So, I've been doing some thinking, head scratching and reading, and in my mind the best fix would be to make a new spindle, this time with proper bearings (angular contact or taper roller at the chuck end, not sure about the other end). However, this would entail boring out the head stock to fit the new bearings. I'm not especially precious about this lathe, it's a tool and as it stands, not an especially accurate one. I also have the help of the machinist at work who'd be happy to give me a hand and has some big machinery and decent measuring tools to hand.

However, before I even get that far, I'm hitting issues finding appropriate bearings. The problem is the width of the headstock. Here are the dimensions:

headstock
width (widest point) 1.4in/35mm
width (chuck register) 1.1in/ 28mm
depth 1.3in/ 33mm

spindle
length from face of chuck register to end of preload nut 5.8in/ 150mm
diameter at chuck register 1.1in/ 28mm
diameter at pulley mounting point 0.7in/ 17.5mm
spindle thread is 3/4in 16tpi

The largest ID bearing I can fit would be a 7002 with a 15mm ID/ 32mm OD, but that leaves just 1.5mm either side in the headstock give or take. 7001 would be 12mm/ 28mm which I'd be happier with, but then the spindle diameter would be even smaller which is the opposite direction I want to go in. I'm starting to think that I may be better off thinking about making a new headstock from scratch, even though this would be more money and work, just so I can fit a more suitable bearing, like a double row angular contact or even a taper roller bearing if I can find one small enough.

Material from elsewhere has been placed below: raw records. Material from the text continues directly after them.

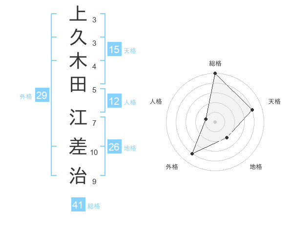 上久木田 江差治さんを姓名の画数から五運を鑑定
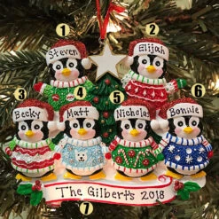 Ugly Sweater Penguin Family Of 6 Personalized Christmas Ornament
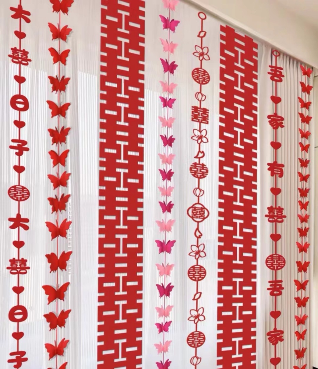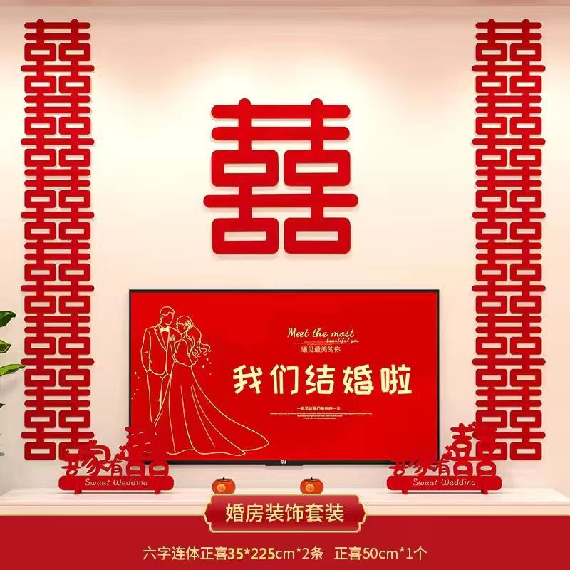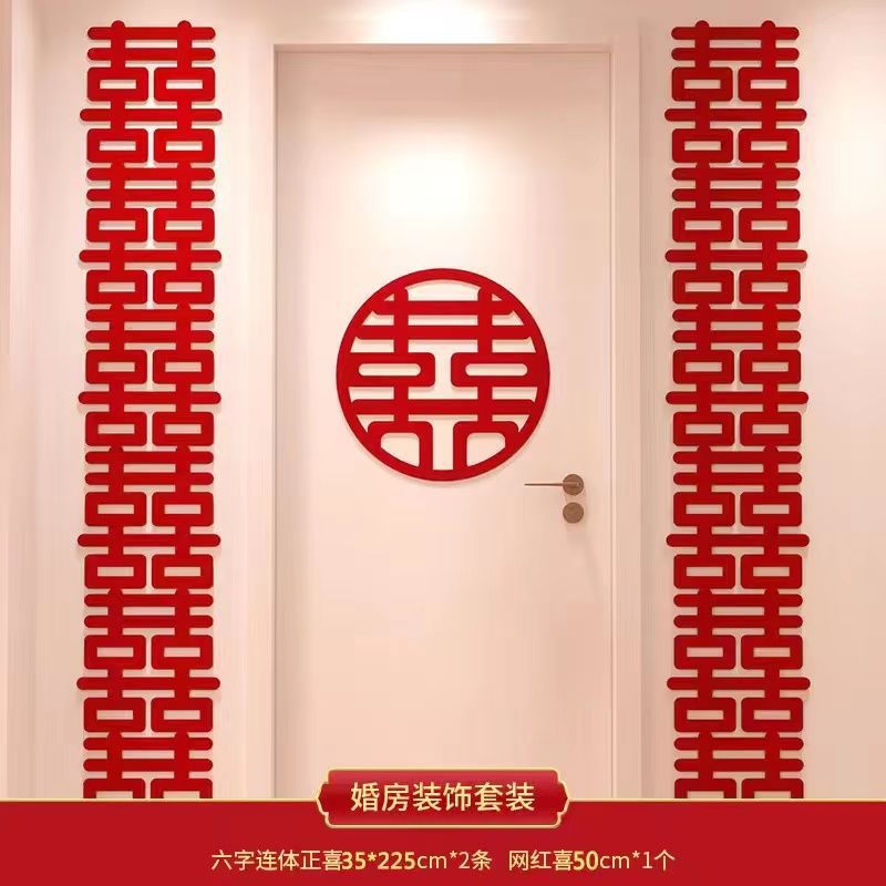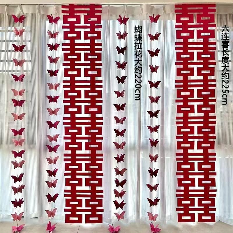 婚房布置长条喜字贴纸囍字套装男方女方蝴蝶拉花卧室客厅装饰结婚
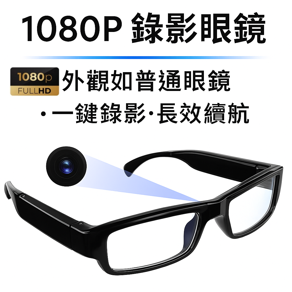 • 隱密錄影設計: 無發光、無提示聲,屬於針孔攝影設備,外觀與普通眼鏡無異。

What do you all think? Any other ideas that I've probably missed?

If/ when I do end up making a new spindle, I was thinking about using 4140PH/HT for the spindle and tapering the nose to take an ER16 collet (making a matching 3/4in 16tpi chuck nut) while I'm at it. Thoughts?


----------



## Hawkeye (Mar 9, 2014)

Matt, as nice as roller bearings are, I'm thinking you might be better off turning some new ones from oilite bronze. As you indicate, there isn't much available room on that headstock casting. (Thanks for the link to the pictures - I was having a hard time visualizing a headstock that narrow.)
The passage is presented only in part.